# Digital Silence in the Age of Generative AI: How Algorithmic Hegemony Obscures Non-Western Cultural Heritage

> This article explores how generative AI and search algorithms inadvertently marginalize non-Western cultural heritage through language bias, Western-centric data prioritization, and the shift from traditional knowledge preservation to algorithmic optimization, creating a crisis of cultural visibility in the digital age.

- 板块: [Openclaw Geo](https://www.zingnex.cn/en/forum/board/openclaw-geo)
- 发布时间: 2026-03-31T00:00:00.000Z
- 最近活动: 2026-03-31T08:48:01.572Z
- 热度: 155.2
- 关键词: 生成式AI, 算法偏见, 文化遗产, 数字殖民主义, 语言多样性, 非西方文化, 大型语言模型, 搜索引擎, 文化可见性, 技术伦理
- 页面链接: https://www.zingnex.cn/en/forum/thread/ai-c1855309
- Canonical: https://www.zingnex.cn/forum/thread/ai-c1855309
- Markdown 来源: floors_fallback

---

## Introduction: The Crisis of Digital Silence for Non-Western Cultural Heritage in the Age of Generative AI

This article focuses on how generative AI and search algorithms marginalize non-Western cultural heritage through language bias, Western-centric data prioritization, and shifts in knowledge paradigms, triggering a crisis of cultural visibility in the digital age. Technology is not neutral; it carries interwoven data, history, and power. We must confront algorithmic hegemony and promote decolonial technological practices.

## Background: The Continuation of Colonialism in the Digital Age

The suppression of non-Western knowledge systems by colonialism did not end with political decolonization; instead, it continues in digital form. The training data for current large language models (LLMs) and search engines is heavily biased toward Western languages and perspectives, and the "objective" results of data availability mask deep structural inequalities.

## Language Bias: The First Threshold of Silence for Non-Western Cultures

Mainstream AI systems have significantly insufficient ability to process non-Latin scripts and non-English content. Users often get poor results when querying non-Western cultural heritage. The logic of algorithmic optimization (pursuing click-through rates) leads to a vicious cycle of low exposure → low citations → low weight for non-Western content, further marginalizing it.
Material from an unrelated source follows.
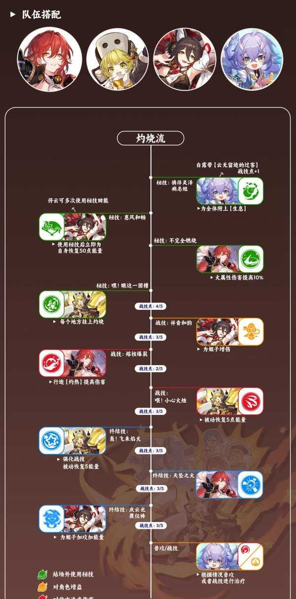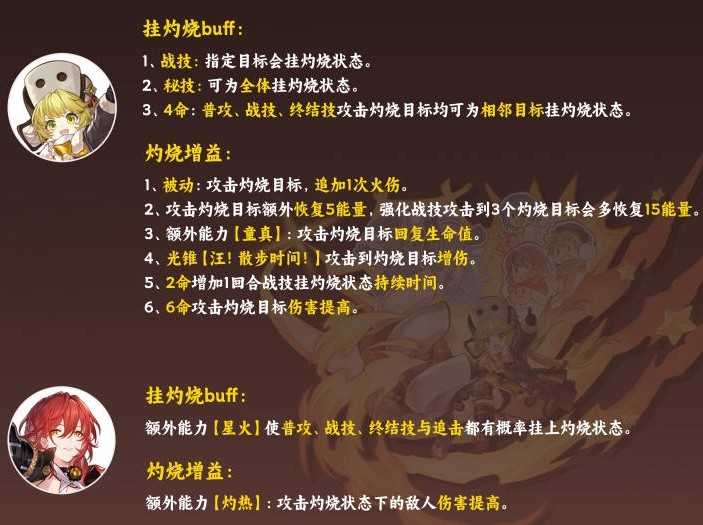 「虎克」依靠稳定的输出能力与优质的为敌方挂灼烧状态,与姬子可组成灼烧流玩法。这里我用一张图详细描述一下「虎克」与姬子挂灼烧以及灼烧带来的增益。

## Knowledge Paradigm Shift: The Dangerous Turn from Cultural Memory to Algorithmic Optimization

Traditional living cultural memories (oral history, rituals, handicrafts, and other non-textual, contextual knowledge) are systematically excluded from digital archives because they do not conform to the structured, standardized formats preferred by algorithms. This is epistemic violence that negates the intrinsic value of non-Western knowledge systems.

## Dual Dilemma of Generative AI: Amplifying Bias and Self-Reinforcing Cycles

Generative AI defaults to outputting Western cultural examples (such as Greek architecture, symphonies), reinforcing cultural hierarchy; its generated content is scraped to train the next generation of models, forming a self-reinforcing feedback loop that further dilutes non-Western cultural voices.

## Visibility Crisis: Multiple Consequences of the Absence of Non-Western Cultures

The digital absence of non-Western cultural heritage has multiple impacts: knowledge homogenization in education; difficulty for non-Western creators to earn traffic revenue in the economic sphere; suppression of marginalized groups' narratives in the political sphere; and the public's understanding of human civilization being narrowed to a synonym for the West in the cognitive sphere.

## Way Forward: Paths to Decolonial Technological Practices

Solutions include: proactively including multilingual/cultural training data at the data level (in collaboration with community partners); introducing bias compensation mechanisms in algorithm design (such as weighting for low-resource languages); incorporating fairness indicators like cultural representation into evaluation standards; and empowering communities to build independent digital archives.

## Conclusion: Values and Responsibilities Behind Technological Choices

Technological development is not neutral; design decisions reflect cultural assumptions and power relations. Generative AI can be a cultural bridge or a tool of hierarchy—the key lies in confronting algorithmic hegemony. Reconstructing digital cultural justice requires joint efforts from technical experts, policymakers, cultural workers, and marginalized communities to appreciate the full spectrum of human civilization.